Pecan is a hickory, and hickory is in the walnut family. You will find it very hard.


----------



## Yonak (Mar 27, 2014)

> It is pecan.
> 
> - WDHLT15


Danny, it doesn't look like any pecan I've seen. How can you tell ?


----------



## GravyBones (Apr 20, 2015)

It is 5 feet long by 2 feet wide and is 7/4. I paid $20 for it at a garage sale. Do you think it is worth it?

I noticed where the tung oil is that the grain has depth to it and changes reflection when you move around and look at it. It acts like mahogany does..it isn't mahogany, I'm just saying the depth of parts of the grain act like mahogany when you look at certain parts. The reflections change like you can look deep into it.

Great replies so far.


----------



## WDHLT15 (Aug 15, 2011)

Yonak,

Mainly from the color and texture of the heartwood. Pecan heartwood from old trees has a very brown color, sometimes lighter, sometimes much darker. Here are a couple of pieces with the color.


----------



## MSRiverdog (Mar 3, 2008)

English Walnut.


----------



## WDHLT15 (Aug 15, 2011)

No Sir. Sorry. It is pecan. Although pecan is in the walnut family.


----------



## Yonak (Mar 27, 2014)




----------



## Mahdeew (Jul 24, 2013)

Yep. Pecan.


----------



## wormil (Nov 19, 2011)

I can't say it isn't pecan, I've never seen pecan in person but it doesn't look anything like pictures of pecan. It does look like walnut sapwood where they've slabbed it off the outside of the tree.


----------



## BurlyBob (Mar 13, 2012)

Yeah, whatever! You got one beautiful piece. I am so very jealous.


----------



## WDHLT15 (Aug 15, 2011)

Thought that I would post this pic of some very nice heart pecan. This one screams to be a little hall table.
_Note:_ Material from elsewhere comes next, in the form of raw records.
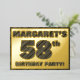 The front of this bold fifty-eighth birthday party/celebration foil invitation card features a personalised name, a large number “58th”, the message “BIRTHDAY PARTY!”, and a border, all featuring a rustic, yet elegant, faux wood grain appearance inspired pattern. The back features personalised details about the event, such as the date, time, venue/location, and any other useful information. Editable invitations like these might be used to invite guests to a birthday party being held to honour somebody’s 58th birthday. [~Z0000595]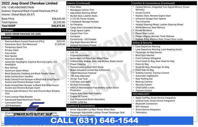 For more information on this 2022 Jeep Grand Cherokee, please call Stream Auto Outlet Islip at (631) 646-1544 or with the contact form on this page. This vehicle's vin number is 1C4RJHBG5N8579640 and is recorded as being in stock at Stream Auto Outlet Islip at 2232 Sunrise Hwy in Islip. See all cars from this dealership.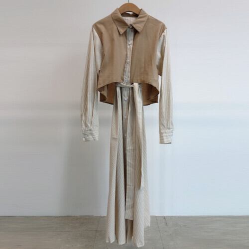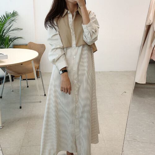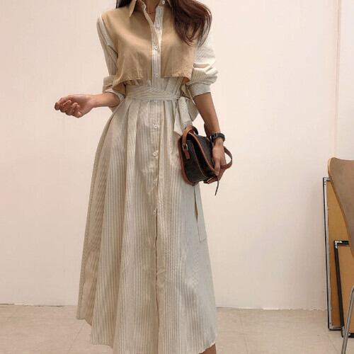 ワンピース ベージュ ベスト重ね着風 シック フレアスカート カジュアル ハイウエスト長袖 ポロカラー ロング丈 夏 20代 30代 40代 くすみカラー RB-R3-09-SA04-0036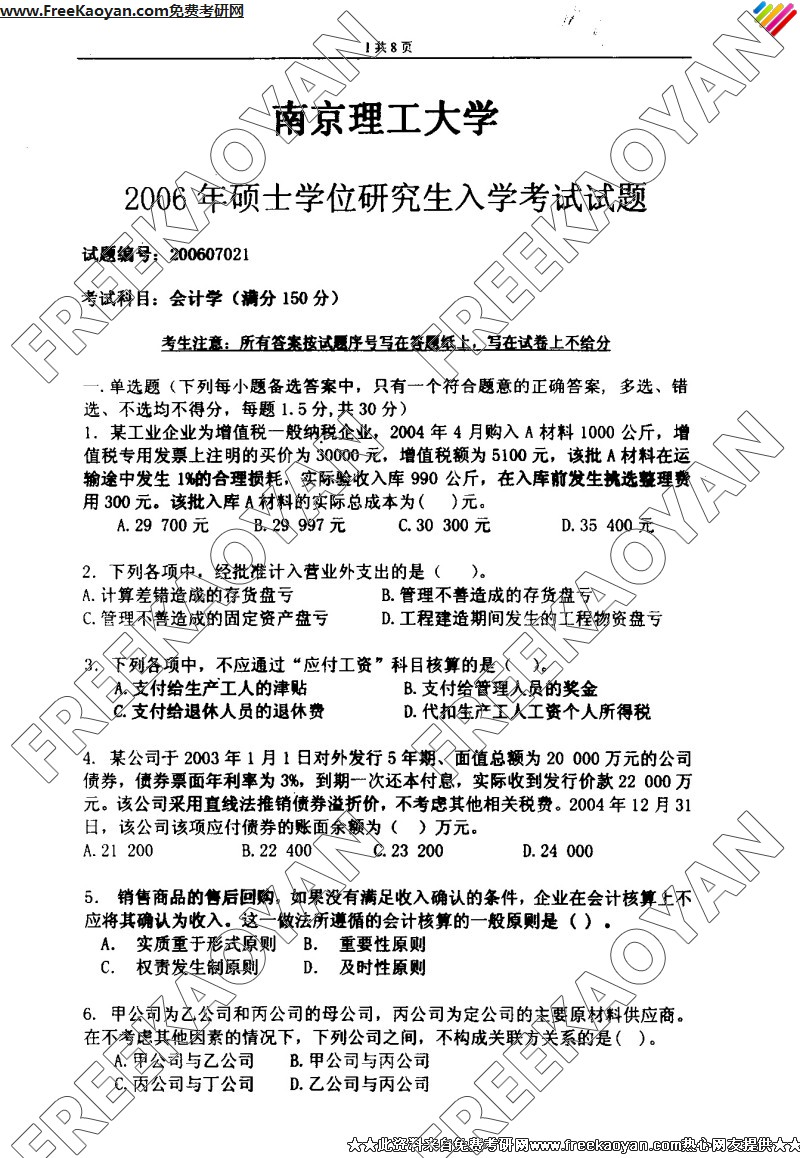 专业课考研经验 本站小编 FreeKaoyan 2018-01-23南京理工大学2006年考研真题-法学综合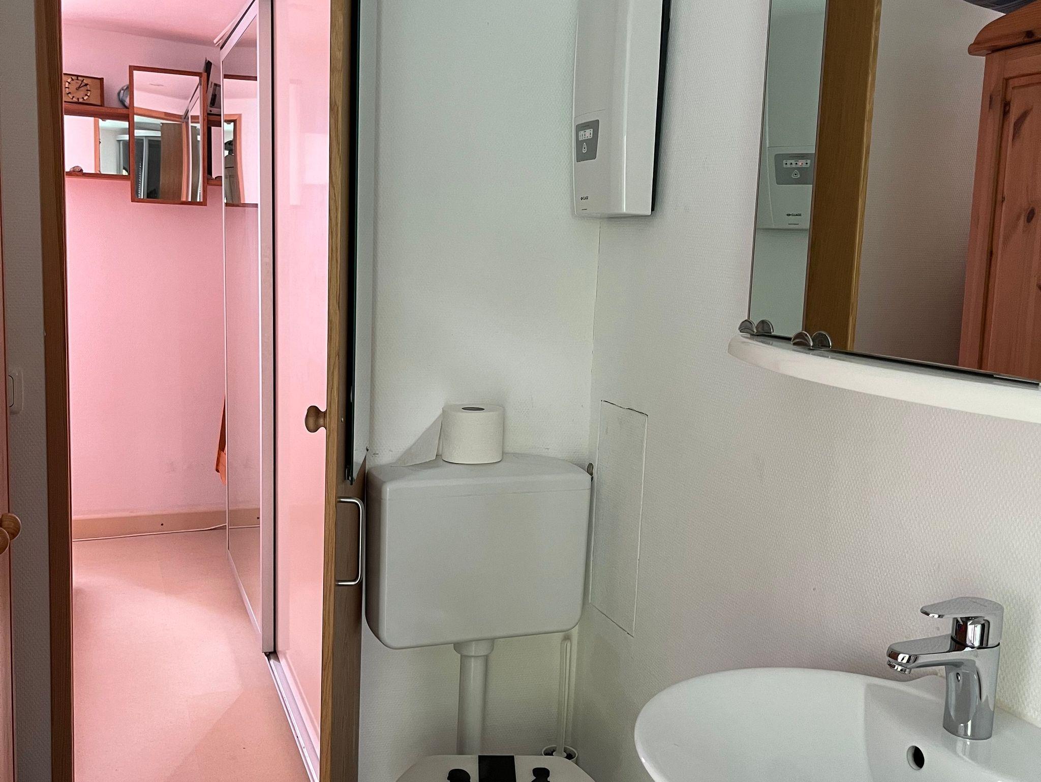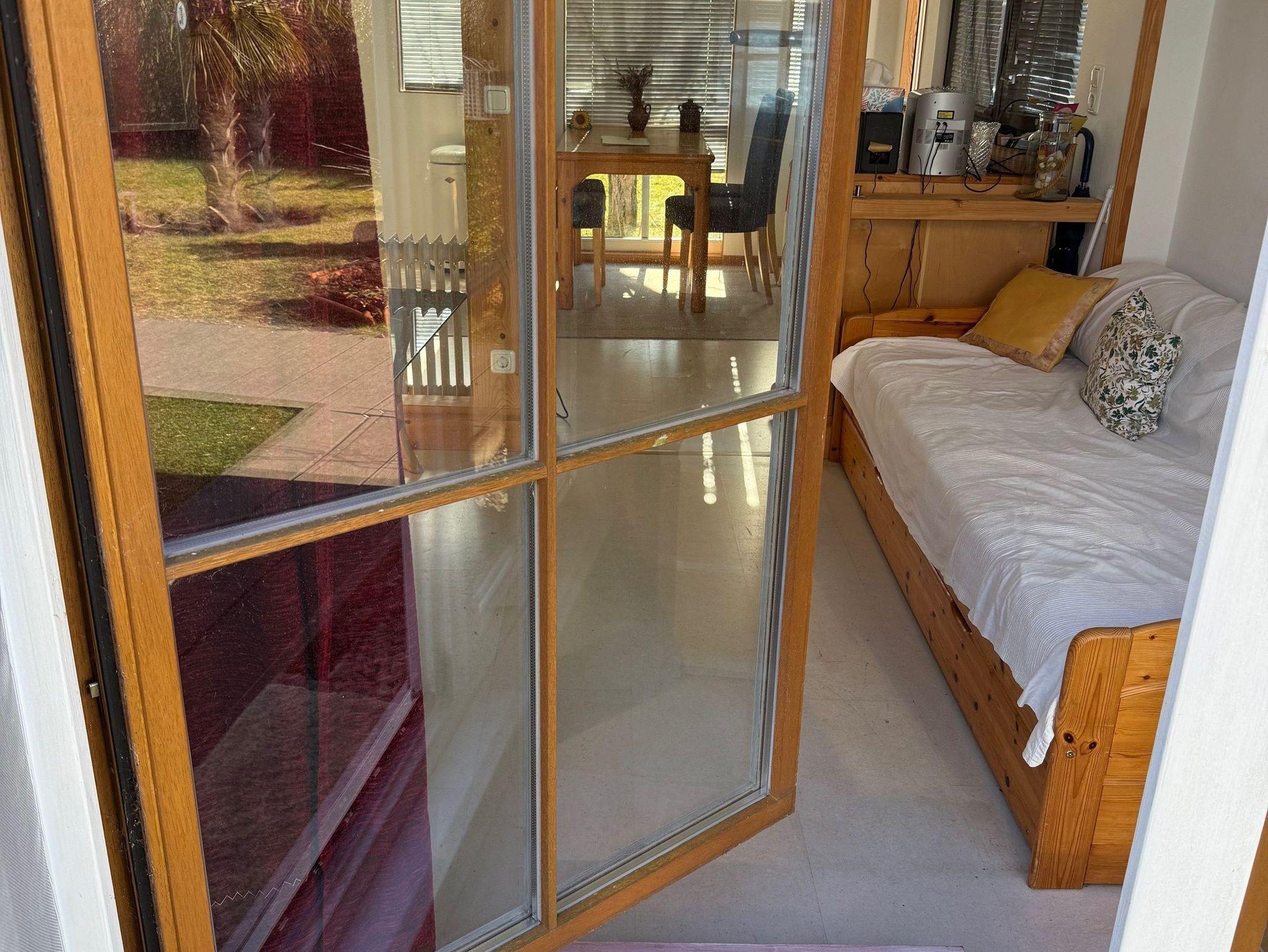 der Nähe des Dusch-/WC-Bereichs befindet sich ein Pflegebett (0,90 m x 2 m), das das durch eine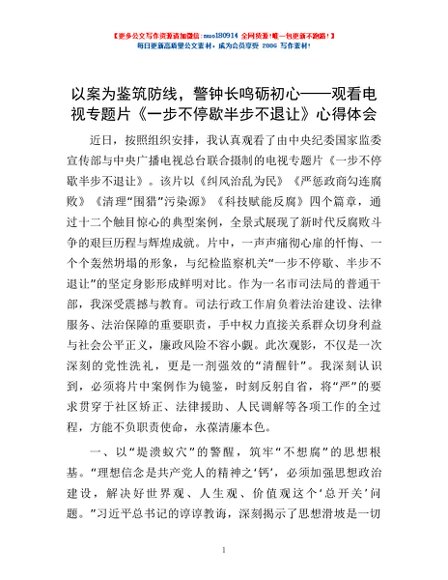 / 以案为鉴筑防线,警钟长鸣砺初心——观看电视专题片《一步不停歇半步不退让》心得体会
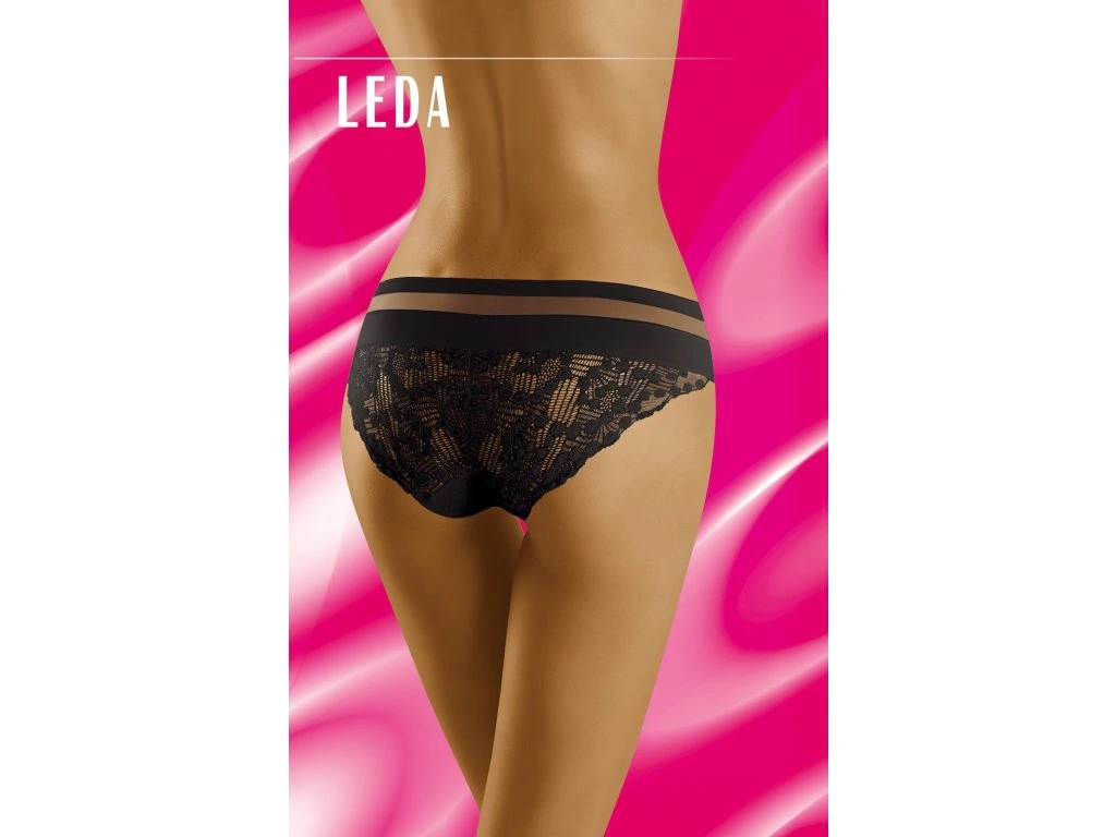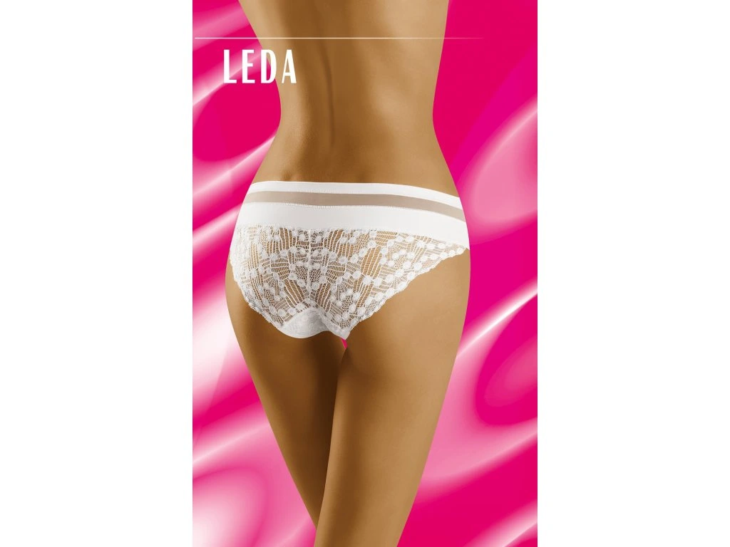 Kalhotky Leda ● klasický střih ● pohodlný elastický pas ● ploché zakončení pro větší pohodlí ● horní část je kombinací hladkého materiálu a smyslné síťoviny ● přední a zadní část jsou vyrobeny z krásné, prolamované krajky zdobené originálním vzorem

I recent sawed some really nice older pecan with a good bit of heartwood. These boards are 9/4 (sawn at 2 3/8" rough). They should plane out to a full 2" once dry.


----------



## Pono (Mar 10, 2012)

monkeypod here has the same exact look that looks nothing like pecan. That's a crotch section you can see the heart in 2 places where the branches came out


----------